Doyumsuzluk
Hedeflerinin çok büyük şeyler olmadığını söyleyen biri, o hedefe ulaşamayacağını bildiği için böyle düşünüyor. O hedefe ulaşacak gücü olsaydı daha fazlasını da isterdi.
Maddi olarak ele alınca, ev sahibi olma gibi genel bir dileğe baktığımızda buradaki doyumsuzluğun de belirli faktörler tarafından kısıtlandığını görürüz. Hatta en temelde yatan yargı olarak ‘başını sokacak yuva’ anlayışı ekonomiyle doğru orantılı olarak şekilleniyor.
Ekonominin elverdiği ölçütlerde istek temel ihtiyaçlardan sıyrılıyor. Daha iyi bir ev, daha yeni bir bina, daha temiz bir çevre, daha elit insanların yer aldığı muhit gibi şartlara bağlanabiliyor.

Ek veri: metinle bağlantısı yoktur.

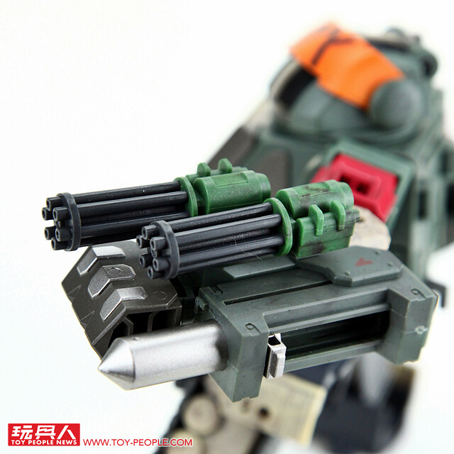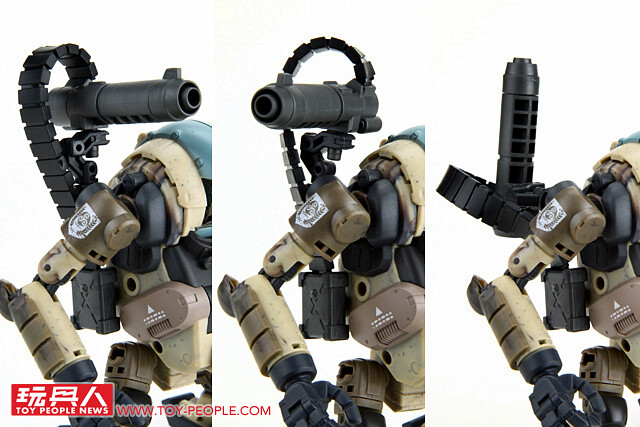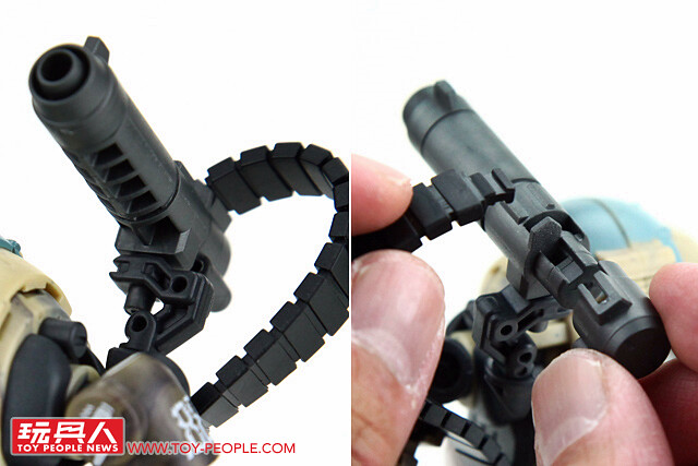 ▼ 肩扛機關炮設計有多重的可動關節,能夠自由改變射擊角度與收納。 彈鍊使用的是軟性材質製作,所以不會因此而限制了可動性。
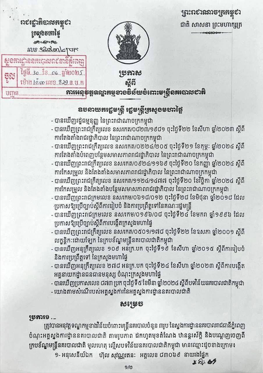 ភ្នំពេញ៖ មន្ត្រីការិយាល័យនគរបាលចរាចរណ៍ផ្លូវគោក នៃស្នងការដ្ឋាននគរបាលរាជធានីភ្នំពេញ ចំនួន០៣នាក់ បំពេញភារកិច្ច ល្មើសបទវិន័យកងកម្លាំងនគរបាលជាតិកម្ពុជា ដែលឈរជើងគោលដៅអនុវត្តច្បាប់ចរាចរណ៍ផ្លូវគោក ស្ពានអាកាសចោមចៅ ខណ្ឌពោធិ៍សែនជ័យ ហើយត្រូវបានយកមកបញ្ឈរជើងមួយរយៈ កាលពីថ្ងៃទី២៦ ខែធ្នូ ឆ្នាំ២០២៤កន្លងទៅនេះ ត្រូវបានក្រសួងមហាផ្ទៃ សម្រេចអនុវត្តវិន័យបណ្តេញចេញពីក្របខណ្ឌនគរបាលជាតិ។
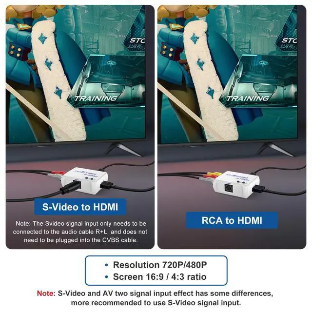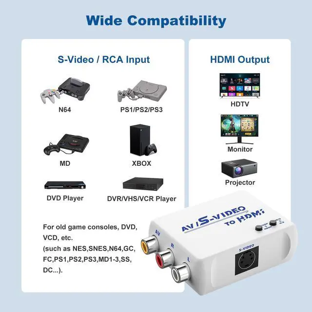 Our RCA + S-Video to HDMI ConverterIt converts S-Video/AV (RCA, composite, CVBS) signals into HDMI signals so you can watch your video on a modern TV with HDMI ports.Bring back your old and cherish memories.
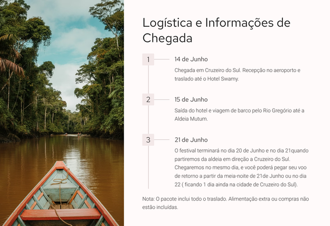 Imagine se desconectar do barulho do mundo e mergulhar no profundo silêncio da Floresta Amazônica. Durante cinco dias mágicos, você será guiado pela sabedoria ancestral do povo Yawanawa, experimentando uma tradição cultural e espiritual que vai além de uma simples viagem.
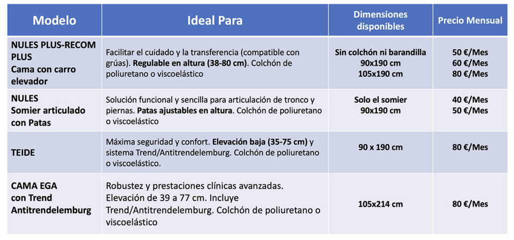 ALQUILER MENSUAL de CAMAS ARTICULADAS en MÁLAGA
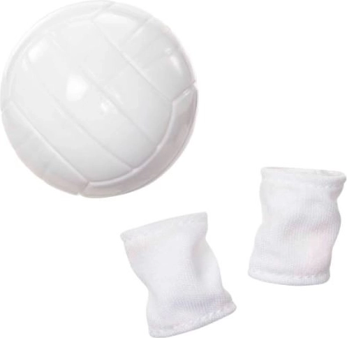 Del seta sta bel odbojkarski žoga in dve ujemajoči se zapestnici, ki dopolnjujeta celoten športni videz punčke.
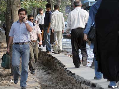 عبور رهگذران در تهران از پیاده رويی در دست تعمیر
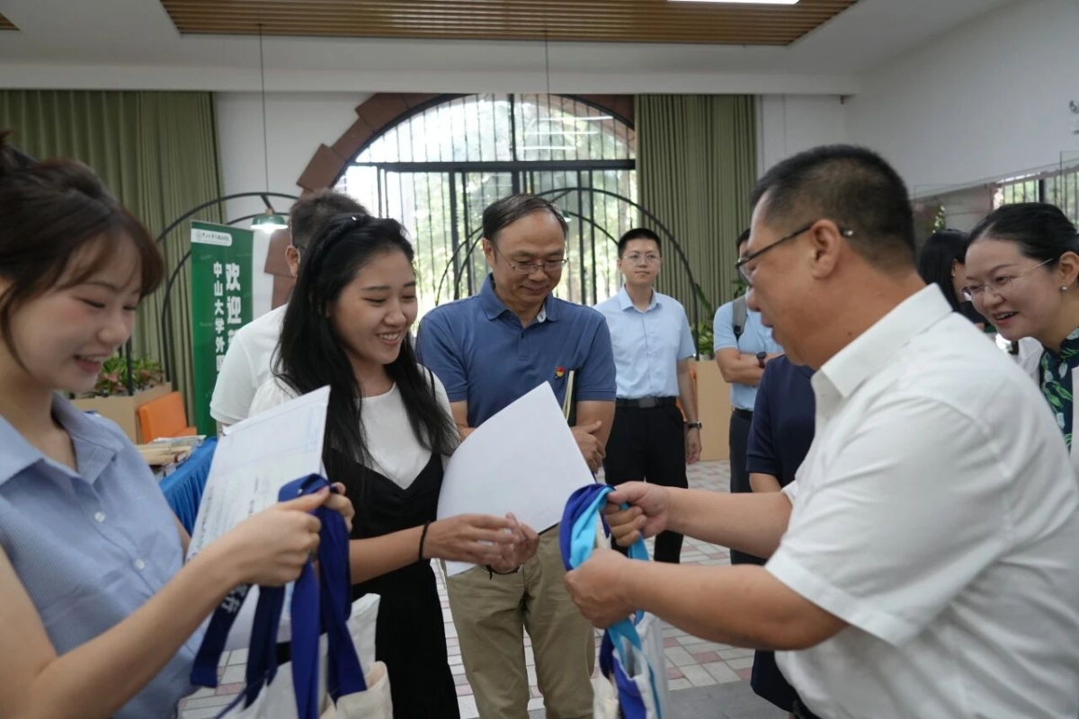 报到当天,领导老师们也在迎新现场与新生及家长们交流互动,了解学生情况,进行答疑解惑。同时,了解各服务点位工作进展情况,协调流程、慰问志愿者,确保每一项工作落实到位。他们以实际行动践行外院“以人为本”的育人理念,让新生从入学首日就深切感受到——这里不仅是汲取知识的学府,更是一个有温度、能包容的成长家园。
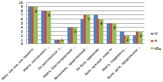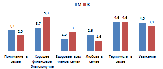 Если же сравнивать ответы парней и девушек, то для парней в семье главное здоровье всех её членов, а у девушек главное в семье любовь. А самая не значительная характеристика идеальной семьи у парней это терпимость в семье, а у девушек финансовое положение(Рис. 4).
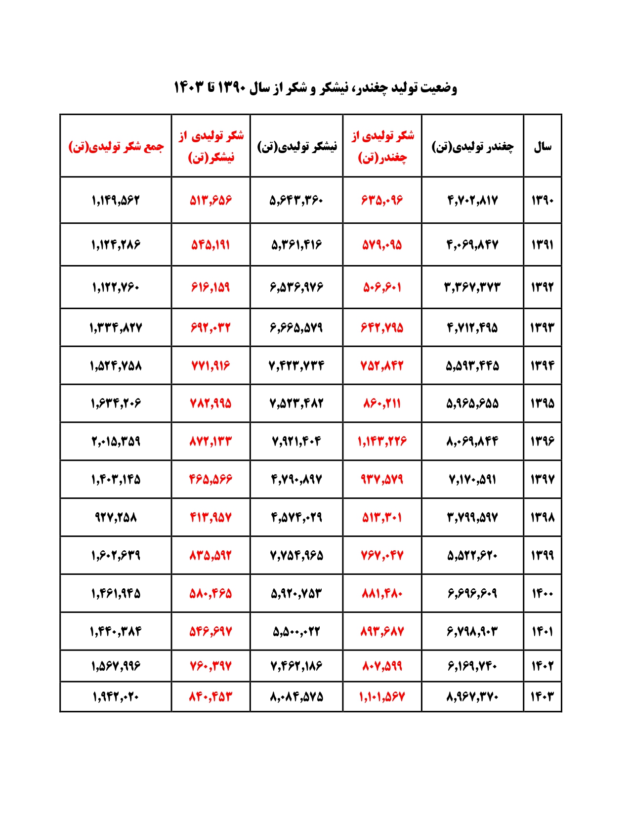 - اما از ۱۴۰۰ به بعد دوباره رشد چشمگیری رخ داد و در سال ۱۴۰۳ تولید کل شکر ایران به بیش از ۱.۹ میلیون تن رسید.
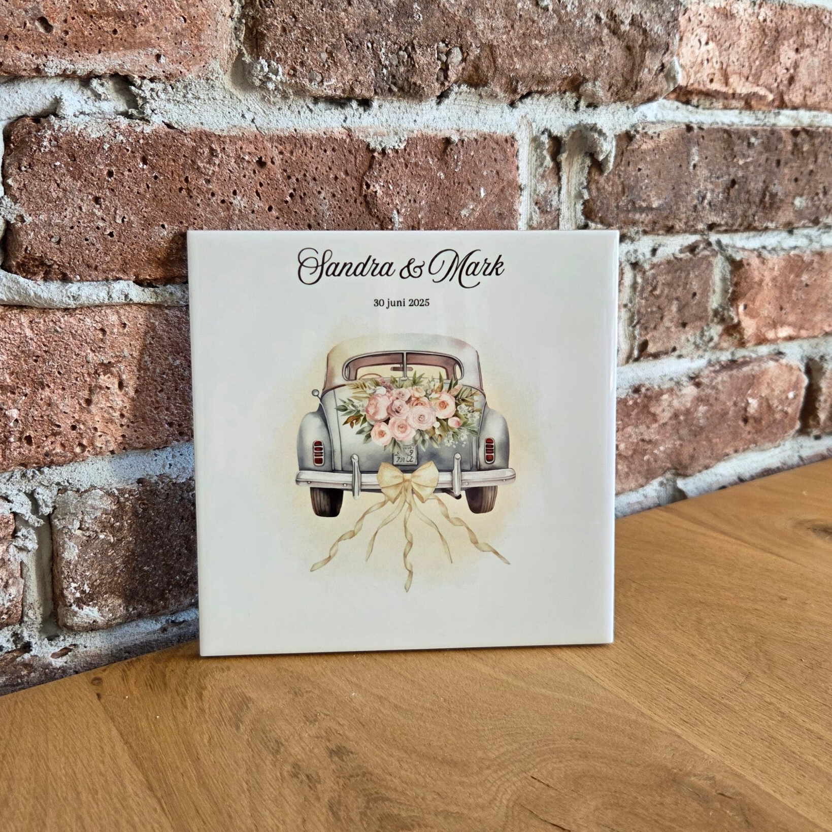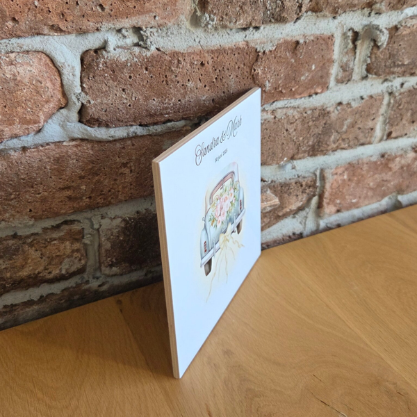 Wil je het bruidspaar geld geven als huwelijkscadeau maar niet zomaar een enveloppe met geld overhandigen? Kies dan voor een origineel geldcadeau: een tegeltje met daarop hun namen, trouwdatum én een illustratie van een trouwauto.

Bu noktada ev sahibi olmak isteyen kişi satın alabileceğinin 2-5 katı fiyatlarına sahip evleri örnek göstererek beğendiğini ancak bu kadar yükseklerde gözü olmadığını da vurguluyor.
Sınırı belirleyen şey ekonominin el verişliği. Yoksa insan aynı insan. Hepimiz daha iyisine sahip olmak istiyoruz ancak bazı koşullarımız yetmediği için kendimizi avutuyoruz. Bunun yanında bir de alçak gönüllü olduğumuza inandırıyoruz kendimizi.
Doyumsuz olduğumuz değişmeyen gerçek.